'''

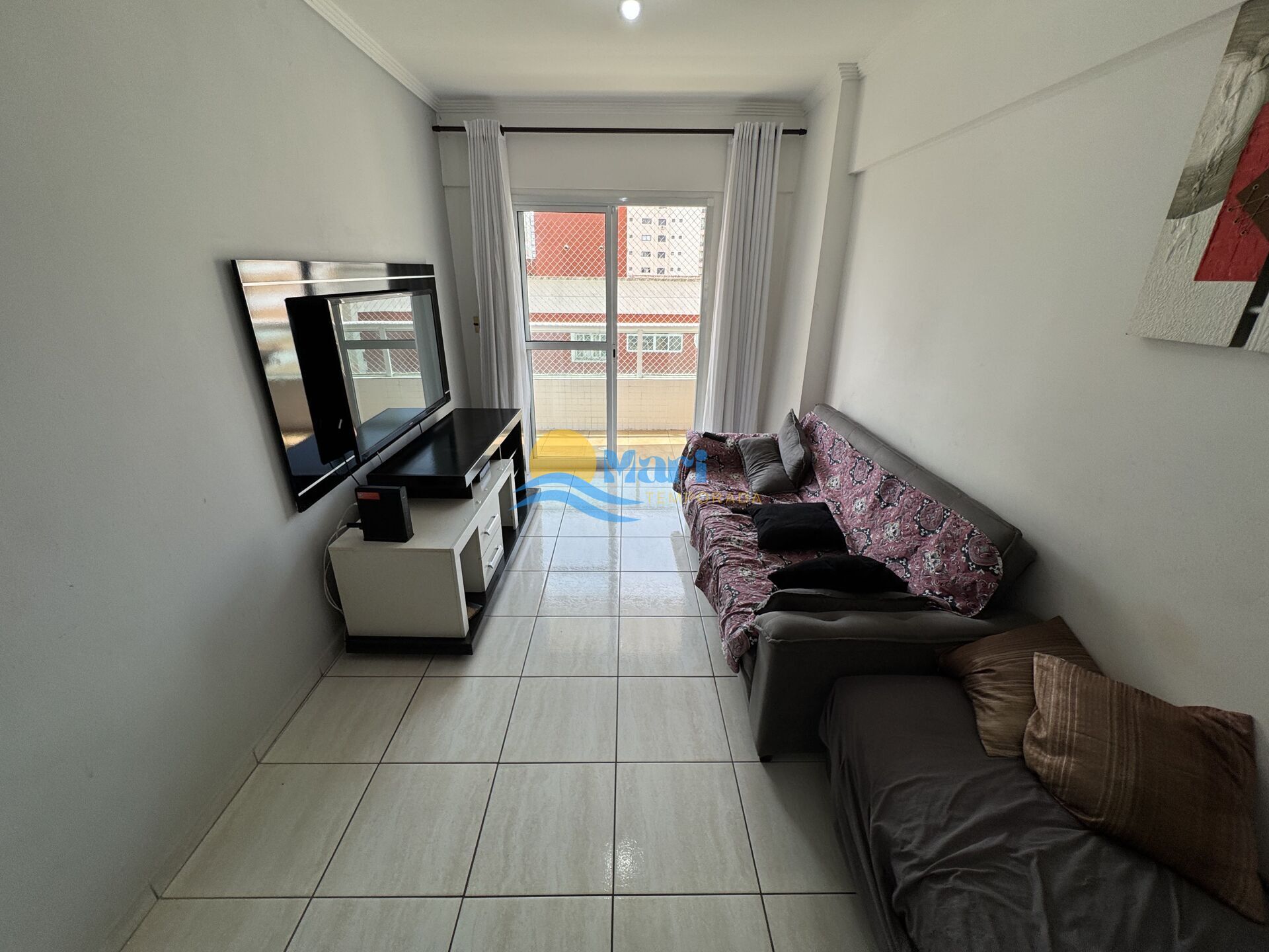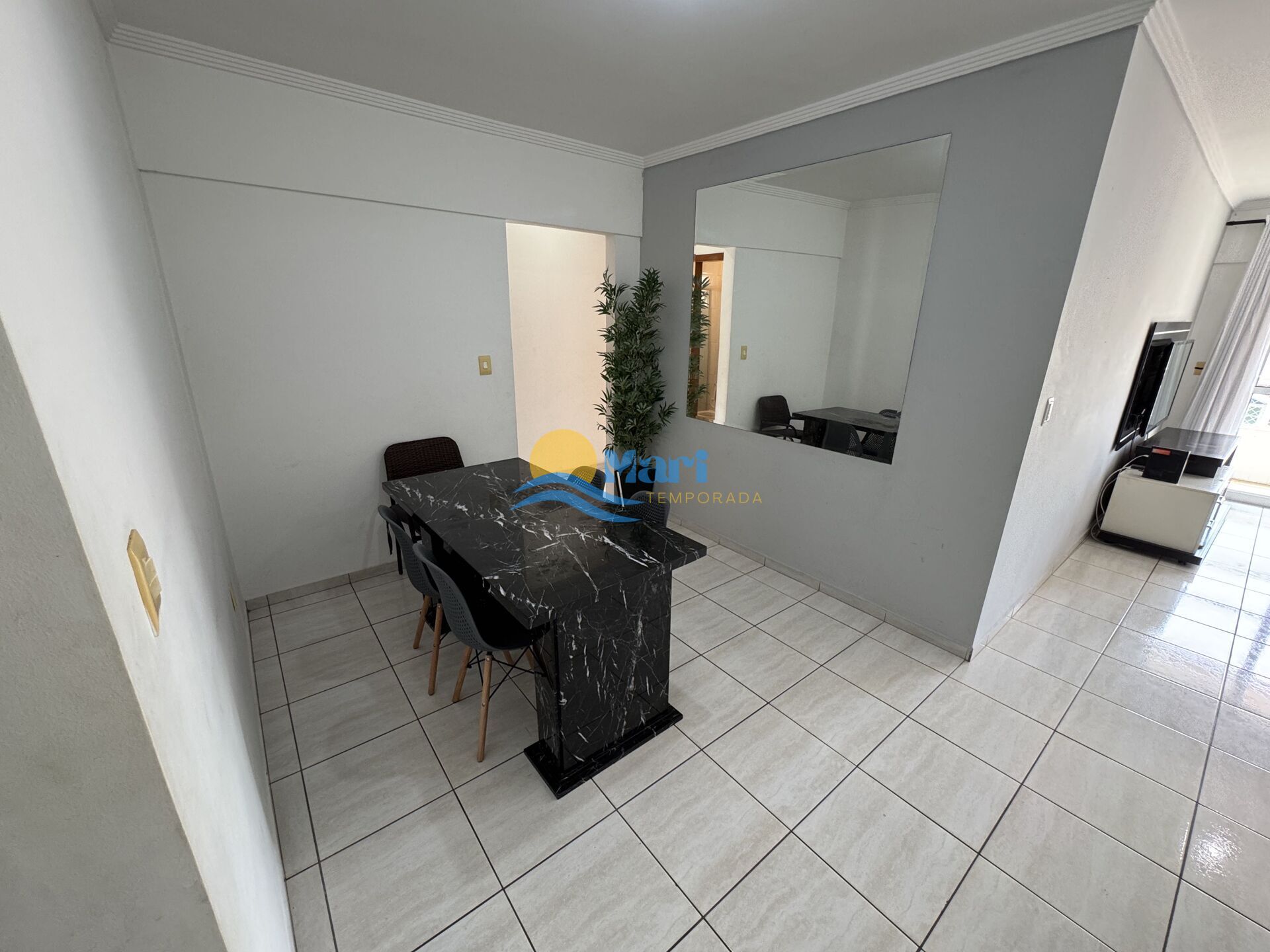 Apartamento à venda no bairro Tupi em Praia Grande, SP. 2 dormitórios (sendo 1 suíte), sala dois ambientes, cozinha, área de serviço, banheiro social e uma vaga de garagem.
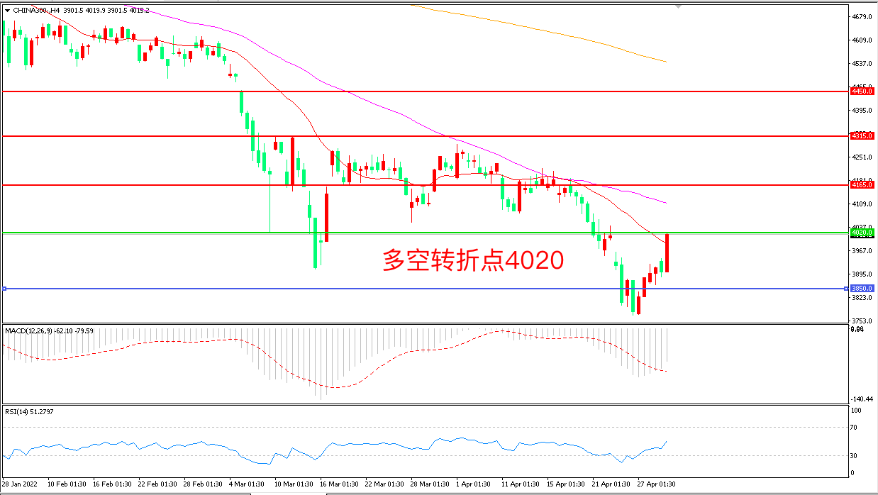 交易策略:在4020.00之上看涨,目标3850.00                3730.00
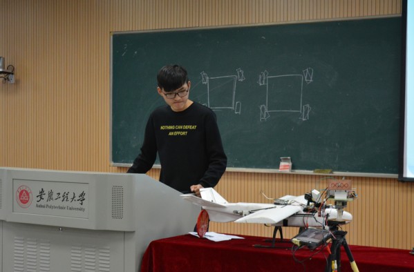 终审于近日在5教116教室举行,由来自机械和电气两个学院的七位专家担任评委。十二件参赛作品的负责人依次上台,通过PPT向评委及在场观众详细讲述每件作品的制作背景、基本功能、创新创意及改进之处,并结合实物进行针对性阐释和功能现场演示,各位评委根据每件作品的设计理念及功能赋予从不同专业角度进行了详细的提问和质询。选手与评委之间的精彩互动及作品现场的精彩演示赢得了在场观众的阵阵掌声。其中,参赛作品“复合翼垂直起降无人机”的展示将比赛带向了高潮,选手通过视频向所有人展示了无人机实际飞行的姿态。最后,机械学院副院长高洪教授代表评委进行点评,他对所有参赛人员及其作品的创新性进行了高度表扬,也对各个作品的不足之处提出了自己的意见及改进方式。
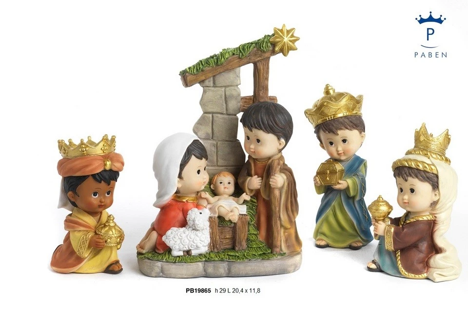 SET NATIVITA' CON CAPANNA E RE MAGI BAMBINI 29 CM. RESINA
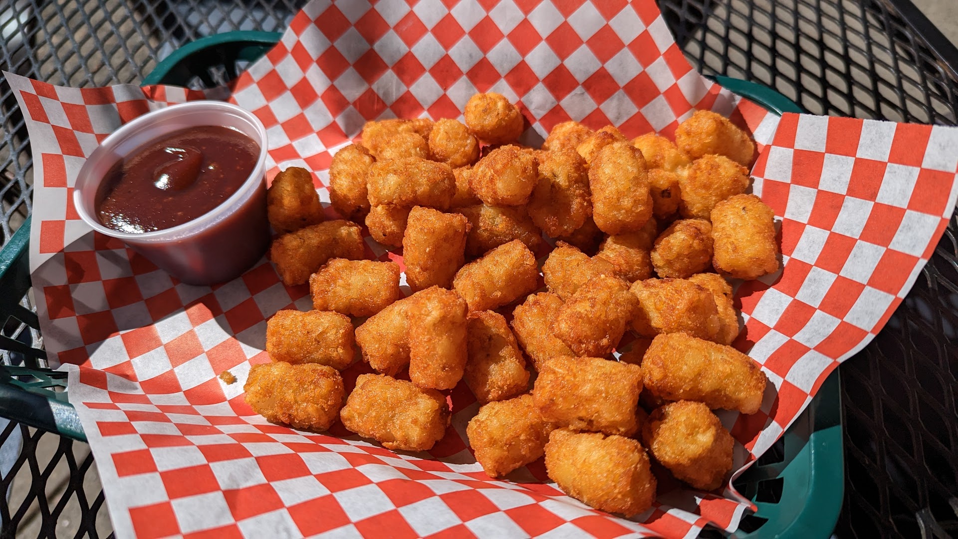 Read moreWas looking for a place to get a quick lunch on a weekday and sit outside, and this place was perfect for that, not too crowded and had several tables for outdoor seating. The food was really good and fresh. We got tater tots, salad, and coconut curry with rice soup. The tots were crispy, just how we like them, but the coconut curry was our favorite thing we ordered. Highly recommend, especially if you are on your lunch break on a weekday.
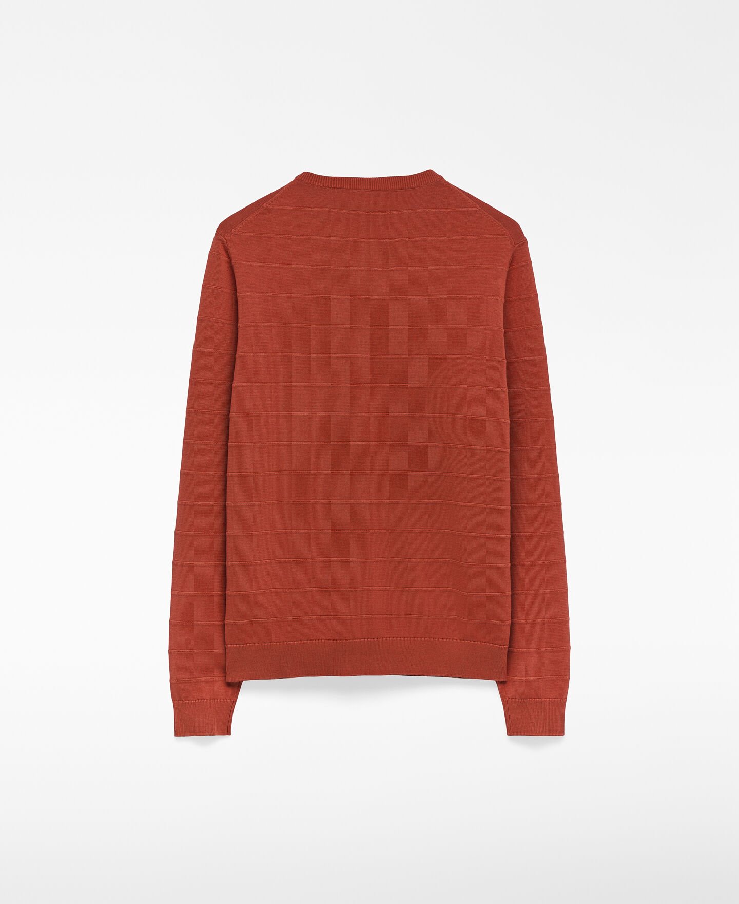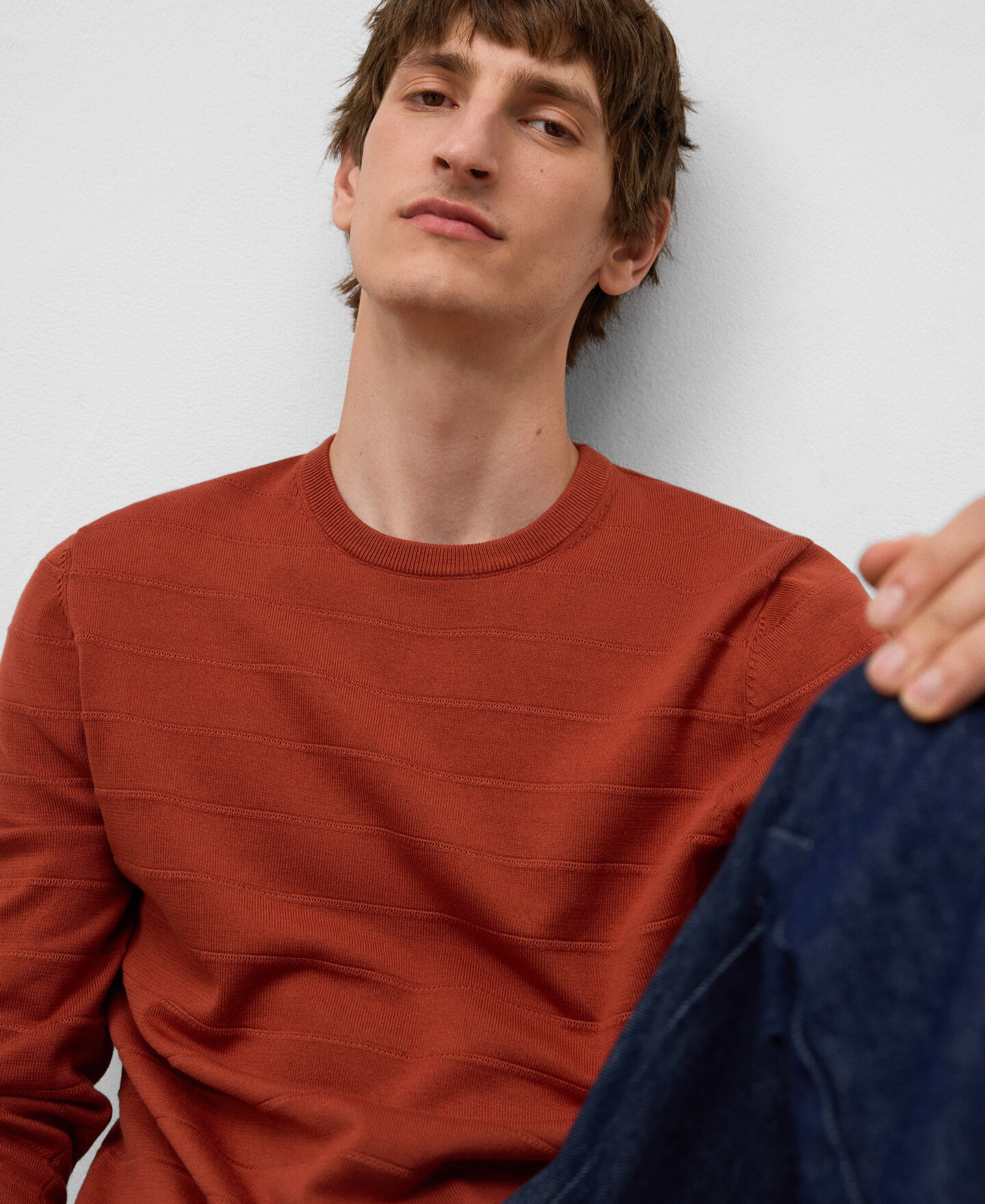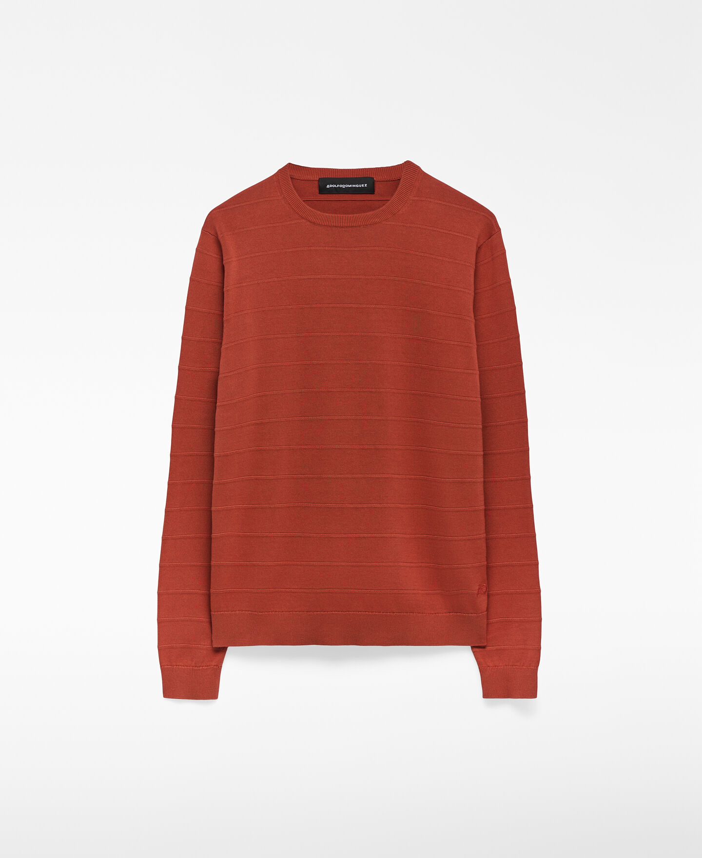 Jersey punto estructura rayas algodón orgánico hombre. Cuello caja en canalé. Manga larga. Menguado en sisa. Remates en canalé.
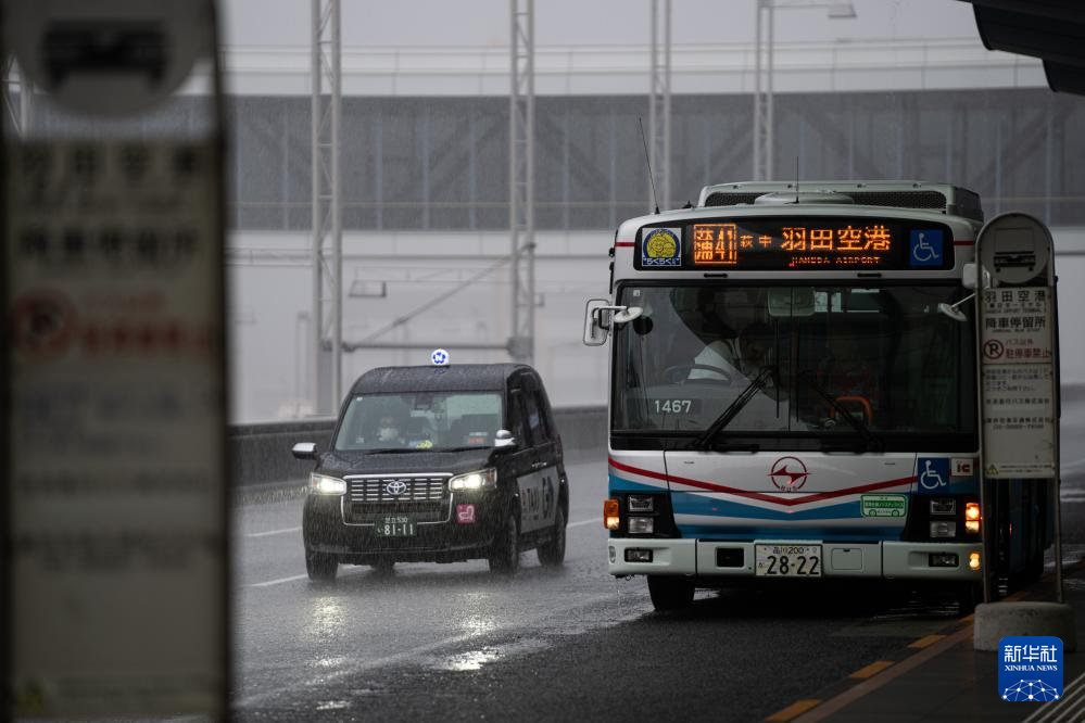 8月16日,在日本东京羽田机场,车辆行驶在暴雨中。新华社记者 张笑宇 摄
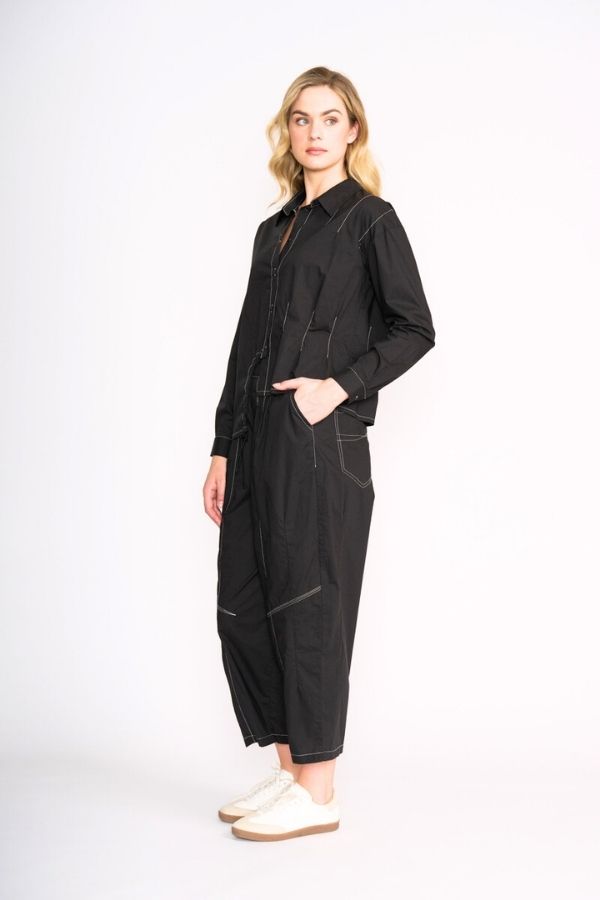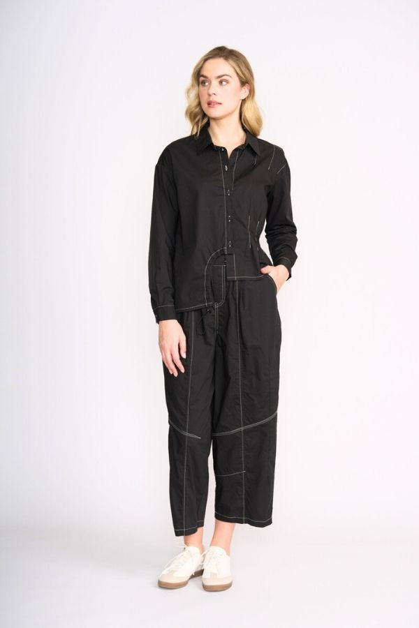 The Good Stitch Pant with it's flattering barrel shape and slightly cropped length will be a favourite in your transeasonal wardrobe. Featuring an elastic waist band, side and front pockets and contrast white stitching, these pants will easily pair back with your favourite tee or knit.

'''

Write out exactly the lines from the line containing "Jersey punto estructura" through the last line of the listing above, please, and leave out any pictures.

 Jersey punto estructura rayas algodón orgánico hombre. Cuello caja en canalé. Manga larga. Menguado en sisa. Remates en canalé.
 8月16日,在日本东京羽田机场,车辆行驶在暴雨中。新华社记者 张笑宇 摄
 The Good Stitch Pant with it's flattering barrel shape and slightly cropped length will be a favourite in your transeasonal wardrobe. Featuring an elastic waist band, side and front pockets and contrast white stitching, these pants will easily pair back with your favourite tee or knit.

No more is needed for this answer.